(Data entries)
BEGIN
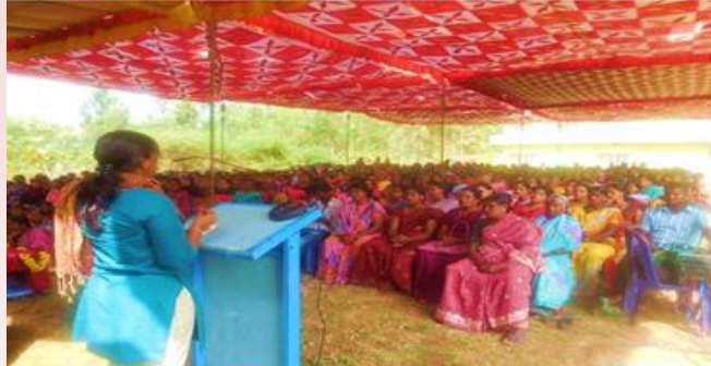
గ్రామపంచాయతిలో మహిళా సభలు నిర్వహించాలి
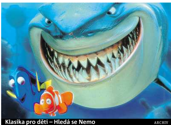
Klasika pro děti – Hledá se Nemo
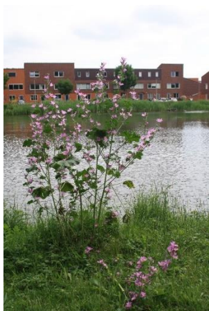
Kaasjeskruid bij de centrale vijver
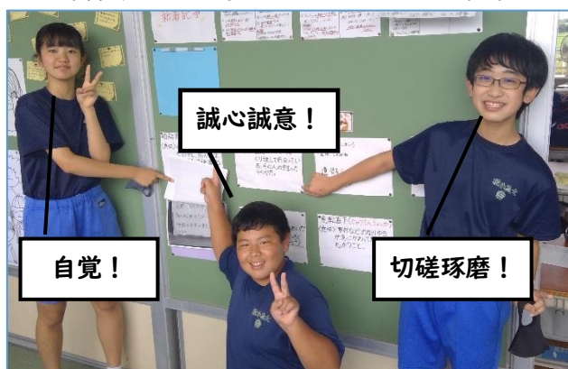
辞書係の3人選んだ、次に伝えたい言葉

この係は、1年生から継続しています。そのためか、係の生徒だけでなく、2年生全体に辞書を引く習慣が身に付いてきました。今後も精力的に活動していくと思います。
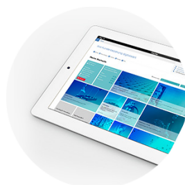
ti&m channel suite

Die Zukunft ist mobile, interactive und touch. Omnichannel-Commerce von ti&m mit höchster Agilität, Sicherheit und Innovationsgeschwindigkeit für B2B, B2C, B2E. ti&m hat 2015 rund 3,6 Mio.* CHF in den Produktausbau investiert: ti&m channel suite: 2,1 Mio.* CHF, ti&m security suite: 1,5 Mio.* CHF.
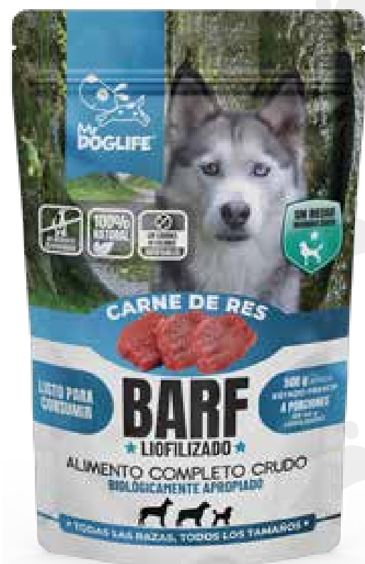
Barf carne de res 200 gms liofilizados
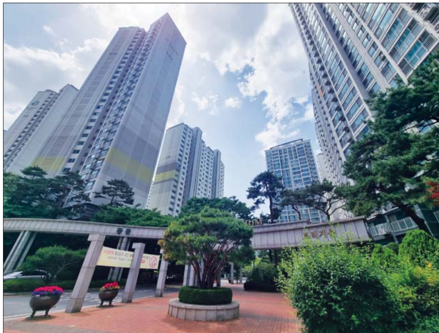
서울 송파구 잠실동 '트리지움'.

지하철 2호선 잠실새내역 7번 출구 바로 앞에 위치한 리센츠는 지난 2008년 7월 입주를 시작했다. 잠실주공 2단지를 재건축해 지은 아파트다. 65개동,
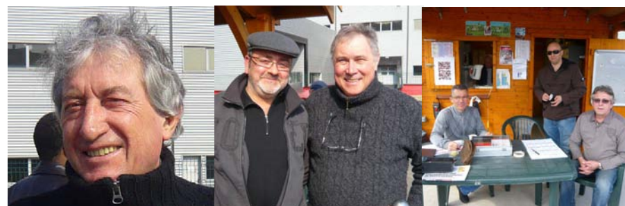
16 octobre 2010, lors de la réception du CHR...

Si l'invention de la pétanque reste relativement récente, on peut faire remonter le "jeu de boules" aux loisirs des plus hautes civilisations
END
Could you restate the entries word for word, skipping any pictures?

గ్రామపంచాయతిలో మహిళా సభలు నిర్వహించాలి
Klasika pro děti – Hledá se Nemo
Kaasjeskruid bij de centrale vijver
辞書係の3人選んだ、次に伝えたい言葉

この係は、1年生から継続しています。そのためか、係の生徒だけでなく、2年生全体に辞書を引く習慣が身に付いてきました。今後も精力的に活動していくと思います。
ti&m channel suite

Die Zukunft ist mobile, interactive und touch. Omnichannel-Commerce von ti&m mit höchster Agilität, Sicherheit und Innovationsgeschwindigkeit für B2B, B2C, B2E. ti&m hat 2015 rund 3,6 Mio.* CHF in den Produktausbau investiert: ti&m channel suite: 2,1 Mio.* CHF, ti&m security suite: 1,5 Mio.* CHF.
Barf carne de res 200 gms liofilizados
서울 송파구 잠실동 '트리지움'.

지하철 2호선 잠실새내역 7번 출구 바로 앞에 위치한 리센츠는 지난 2008년 7월 입주를 시작했다. 잠실주공 2단지를 재건축해 지은 아파트다. 65개동,
16 octobre 2010, lors de la réception du CHR...

Si l'invention de la pétanque reste relativement récente, on peut faire remonter le "jeu de boules" aux loisirs des plus hautes civilisations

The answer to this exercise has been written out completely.